> Action item
Of the lines in the data below, write out exactly those from the one holding "- Add, manage, and" through the one holding "En la calle", both included.

> Information provided
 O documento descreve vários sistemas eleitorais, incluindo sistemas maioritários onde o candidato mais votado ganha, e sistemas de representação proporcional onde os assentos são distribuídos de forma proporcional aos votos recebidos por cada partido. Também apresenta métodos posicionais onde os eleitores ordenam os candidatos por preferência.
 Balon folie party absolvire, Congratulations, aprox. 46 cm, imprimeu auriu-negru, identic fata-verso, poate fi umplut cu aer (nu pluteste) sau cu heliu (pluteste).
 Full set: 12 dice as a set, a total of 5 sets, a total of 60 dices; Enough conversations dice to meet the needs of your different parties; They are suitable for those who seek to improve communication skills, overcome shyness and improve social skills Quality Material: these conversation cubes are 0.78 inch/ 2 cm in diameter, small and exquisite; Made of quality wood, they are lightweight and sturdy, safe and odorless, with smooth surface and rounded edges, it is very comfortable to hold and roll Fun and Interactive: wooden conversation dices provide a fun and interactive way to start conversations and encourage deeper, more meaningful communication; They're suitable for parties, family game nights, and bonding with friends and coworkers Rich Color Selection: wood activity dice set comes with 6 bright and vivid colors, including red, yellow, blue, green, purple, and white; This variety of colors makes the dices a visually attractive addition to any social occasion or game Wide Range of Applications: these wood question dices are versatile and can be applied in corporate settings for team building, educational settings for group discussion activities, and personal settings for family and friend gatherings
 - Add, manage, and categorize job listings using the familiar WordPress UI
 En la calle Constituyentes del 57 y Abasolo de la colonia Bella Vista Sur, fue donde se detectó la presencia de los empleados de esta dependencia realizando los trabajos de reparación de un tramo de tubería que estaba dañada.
==
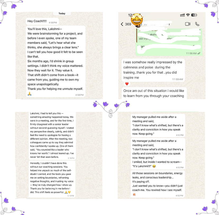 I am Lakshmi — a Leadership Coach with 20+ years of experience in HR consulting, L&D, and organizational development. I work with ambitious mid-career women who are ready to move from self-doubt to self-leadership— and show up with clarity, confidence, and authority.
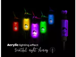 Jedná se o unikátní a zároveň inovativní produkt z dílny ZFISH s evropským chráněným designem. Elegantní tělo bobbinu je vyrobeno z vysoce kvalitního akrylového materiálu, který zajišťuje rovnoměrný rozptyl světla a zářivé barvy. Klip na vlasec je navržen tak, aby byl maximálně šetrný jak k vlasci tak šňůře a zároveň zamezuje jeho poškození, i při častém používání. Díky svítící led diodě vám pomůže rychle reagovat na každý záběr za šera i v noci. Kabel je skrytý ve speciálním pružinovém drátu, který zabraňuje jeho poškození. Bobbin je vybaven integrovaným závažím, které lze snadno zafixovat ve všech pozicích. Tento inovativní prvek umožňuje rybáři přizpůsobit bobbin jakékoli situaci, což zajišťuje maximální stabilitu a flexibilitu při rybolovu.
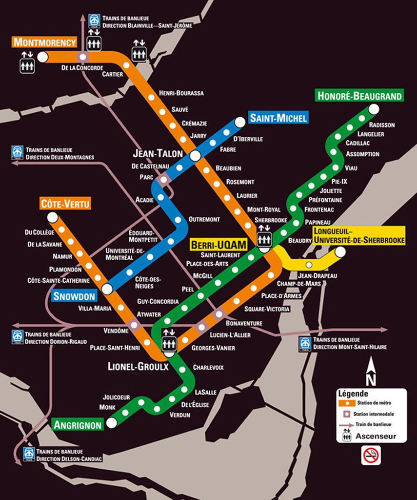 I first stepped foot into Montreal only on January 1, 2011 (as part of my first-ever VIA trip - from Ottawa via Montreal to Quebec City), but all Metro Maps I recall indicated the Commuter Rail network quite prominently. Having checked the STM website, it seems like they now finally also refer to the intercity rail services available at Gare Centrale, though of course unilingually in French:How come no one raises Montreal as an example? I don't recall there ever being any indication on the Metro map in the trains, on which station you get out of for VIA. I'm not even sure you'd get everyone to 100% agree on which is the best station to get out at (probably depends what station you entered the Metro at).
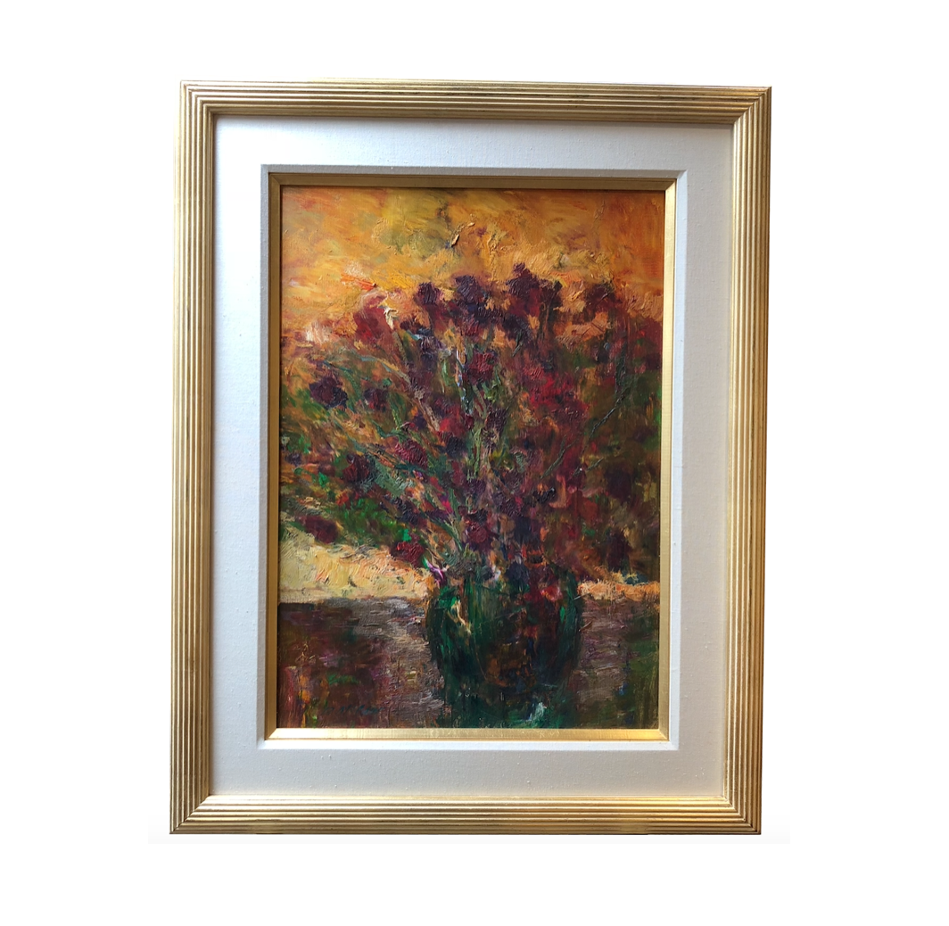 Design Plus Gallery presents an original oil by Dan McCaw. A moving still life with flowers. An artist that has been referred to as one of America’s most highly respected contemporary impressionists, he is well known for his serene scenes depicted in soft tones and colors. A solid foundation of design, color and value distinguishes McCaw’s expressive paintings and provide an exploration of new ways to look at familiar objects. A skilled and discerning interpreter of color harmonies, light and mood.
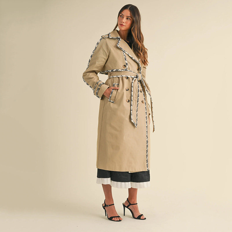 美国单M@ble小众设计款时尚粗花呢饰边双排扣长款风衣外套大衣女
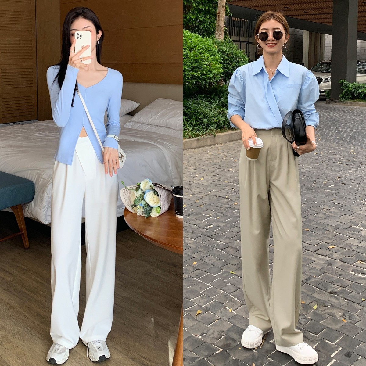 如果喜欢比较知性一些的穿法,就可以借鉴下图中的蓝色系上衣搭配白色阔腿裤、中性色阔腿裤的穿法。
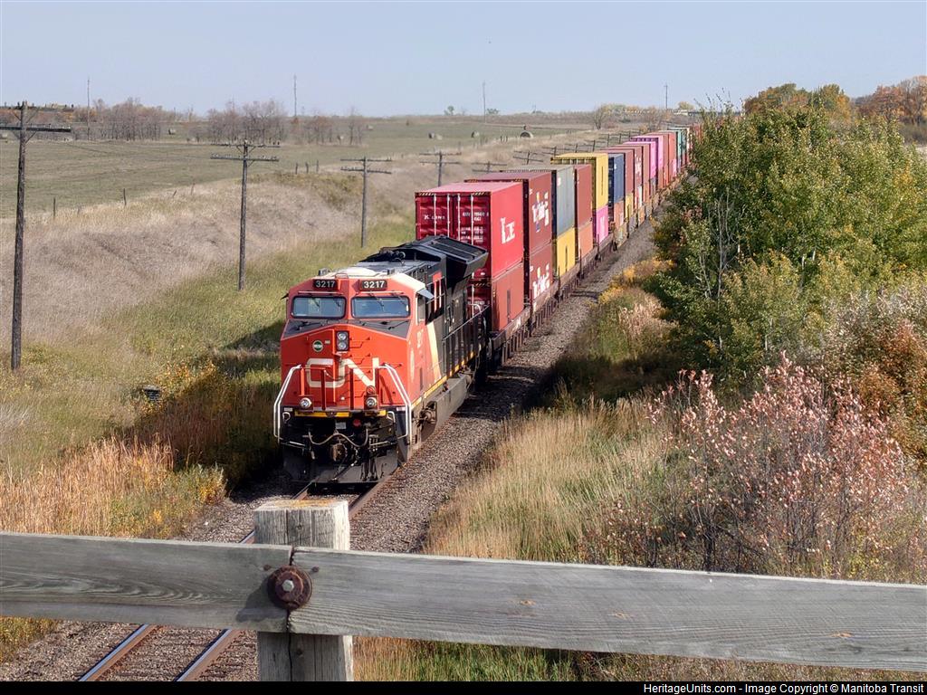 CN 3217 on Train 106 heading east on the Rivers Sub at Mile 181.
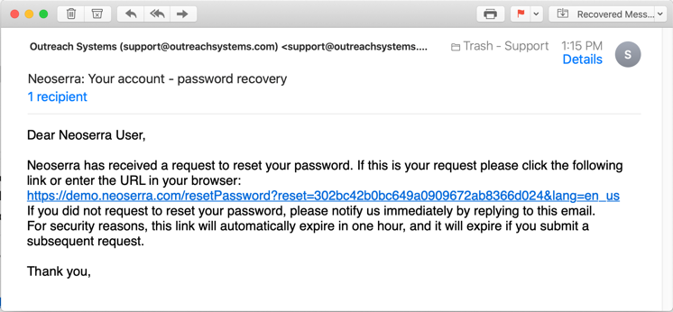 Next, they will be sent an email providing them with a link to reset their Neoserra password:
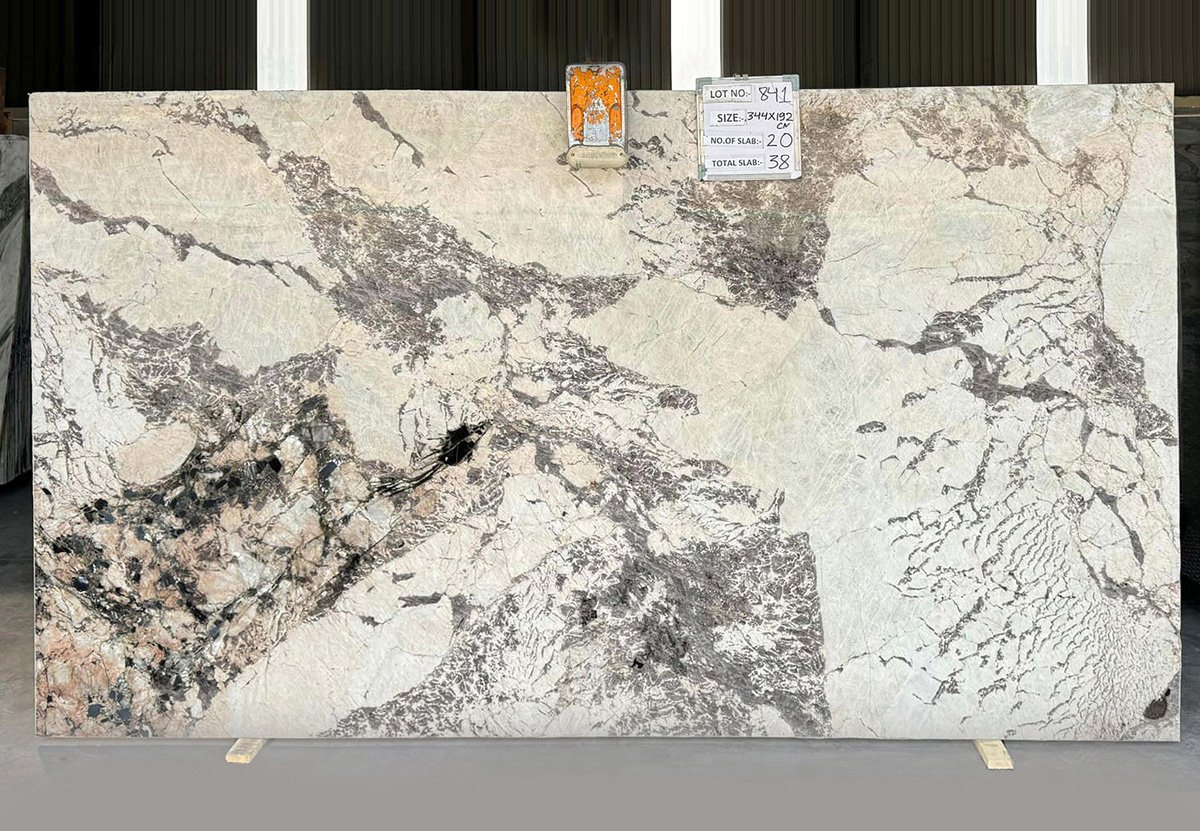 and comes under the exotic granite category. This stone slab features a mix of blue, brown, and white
...
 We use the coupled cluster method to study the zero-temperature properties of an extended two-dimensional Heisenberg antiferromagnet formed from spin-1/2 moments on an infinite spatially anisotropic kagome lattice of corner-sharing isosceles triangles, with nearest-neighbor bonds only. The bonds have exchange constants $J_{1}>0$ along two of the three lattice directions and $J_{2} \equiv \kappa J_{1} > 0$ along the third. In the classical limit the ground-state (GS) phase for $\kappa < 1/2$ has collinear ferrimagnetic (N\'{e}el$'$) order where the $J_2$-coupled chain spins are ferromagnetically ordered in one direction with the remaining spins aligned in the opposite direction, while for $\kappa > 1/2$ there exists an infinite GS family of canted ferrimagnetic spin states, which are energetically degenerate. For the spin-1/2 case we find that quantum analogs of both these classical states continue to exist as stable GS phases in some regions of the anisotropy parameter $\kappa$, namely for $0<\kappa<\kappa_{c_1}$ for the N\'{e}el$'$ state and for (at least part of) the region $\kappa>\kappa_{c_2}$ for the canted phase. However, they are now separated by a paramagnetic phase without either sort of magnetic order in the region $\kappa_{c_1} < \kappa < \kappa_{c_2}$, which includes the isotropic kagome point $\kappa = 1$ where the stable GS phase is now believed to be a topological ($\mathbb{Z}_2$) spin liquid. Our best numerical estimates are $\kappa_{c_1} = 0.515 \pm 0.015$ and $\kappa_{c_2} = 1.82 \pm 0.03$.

> Reply
 - Add, manage, and categorize job listings using the familiar WordPress UI
 En la calle Constituyentes del 57 y Abasolo de la colonia Bella Vista Sur, fue donde se detectó la presencia de los empleados de esta dependencia realizando los trabajos de reparación de un tramo de tubería que estaba dañada.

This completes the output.